Write out a word-for-word repetition of the lines that come before the line containing "Milano, 13 maggio" in the listing below, along with that line itself, omitting pictures.

===== DATASET =====

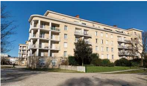
Cité Pinçon (1948-1955)

Elle est inscrite au titre des monuments historiques en 1994.
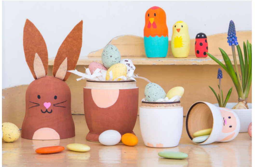
Überraschung: Aus manchen Osterhasen kommen Eier, aus anderen schlüpft ein Lamm, ein Huhn, ein Küken, ein Marienkäfer.

Niedliche Figuren mit Überraschungseffekt – ganz einfach selbst gemacht
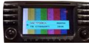
Comand 220 W215, S220 (2002-2004)
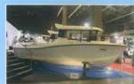
QUICKSILVER CAPTUR 755 PH
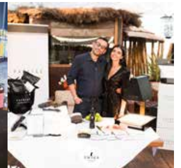
Evento Twiga Beach Club Versilia
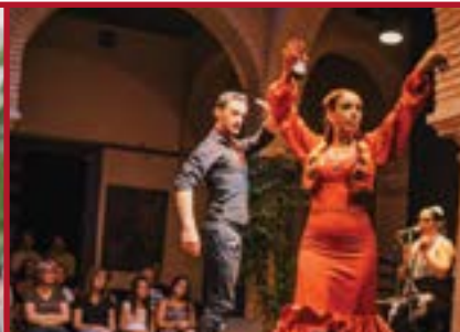
Programa de Flamenco
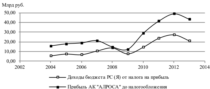
Рис. 1. Динамика доходов бюджета Республики Саха (Якутия) от налога на прибыль и прибыли АК «АЛРОСА» за 2003–2014 гг., млрд руб.

Графический анализ динамики величины прибыли АК «АЛРОСА» и доходов бюджета Республики Саха от налога на прибыль организаций в период с 2003 по 2013 гг. показывает наличие сильной корреляции между данными показателями (рис. 1). Траектория кривой «доходы бюджета от налога на прибыль» практически повторяет траекторию кривой «прибыль до налогообложения».
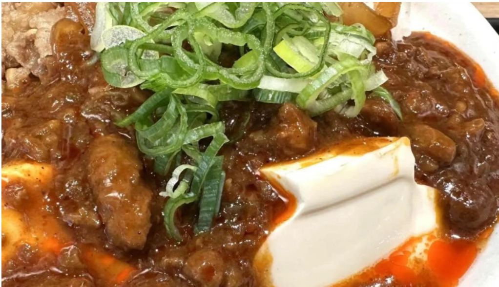
松屋 枚方店 写真
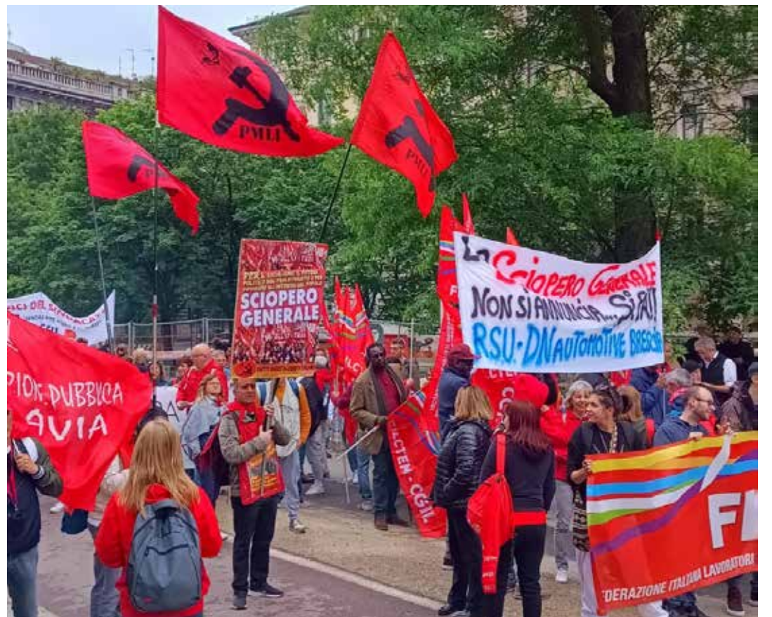
Milano, 13 maggio 2023. Nel corteo, come il PMLI, anche operaie e operai della RSU della DNautomotive di Brescia hanno tenuto alto uno striscione per lo sciopero generale subito

tori e alle masse popolari. Cosa aspettano Cgil-Cisl-Uil a mobilitarsi e a organizzarsi, a indire lo sciopero generale e a incalzare il governo neofascista Meloni affinché sia costretto a mettere in campo misure concrete ed efficaci, e non spot propagandistici?
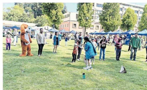
Cada noviembre se realiza la Semana de las Infancias, actividad que tiene como objetivo fomentar el compromiso UdeC con estos temas y colaborar con la comunidad en la promoción de los derechos de los niños y niñas.

=====

§ ANSWER TO THE PROBLEM
Cité Pinçon (1948-1955)

Elle est inscrite au titre des monuments historiques en 1994.
Überraschung: Aus manchen Osterhasen kommen Eier, aus anderen schlüpft ein Lamm, ein Huhn, ein Küken, ein Marienkäfer.

Niedliche Figuren mit Überraschungseffekt – ganz einfach selbst gemacht
Comand 220 W215, S220 (2002-2004)
QUICKSILVER CAPTUR 755 PH
Evento Twiga Beach Club Versilia
Programa de Flamenco
Рис. 1. Динамика доходов бюджета Республики Саха (Якутия) от налога на прибыль и прибыли АК «АЛРОСА» за 2003–2014 гг., млрд руб.

Графический анализ динамики величины прибыли АК «АЛРОСА» и доходов бюджета Республики Саха от налога на прибыль организаций в период с 2003 по 2013 гг. показывает наличие сильной корреляции между данными показателями (рис. 1). Траектория кривой «доходы бюджета от налога на прибыль» практически повторяет траекторию кривой «прибыль до налогообложения».
松屋 枚方店 写真
Milano, 13 maggio 2023. Nel corteo, come il PMLI, anche operaie e operai della RSU della DNautomotive di Brescia hanno tenuto alto uno striscione per lo sciopero generale subito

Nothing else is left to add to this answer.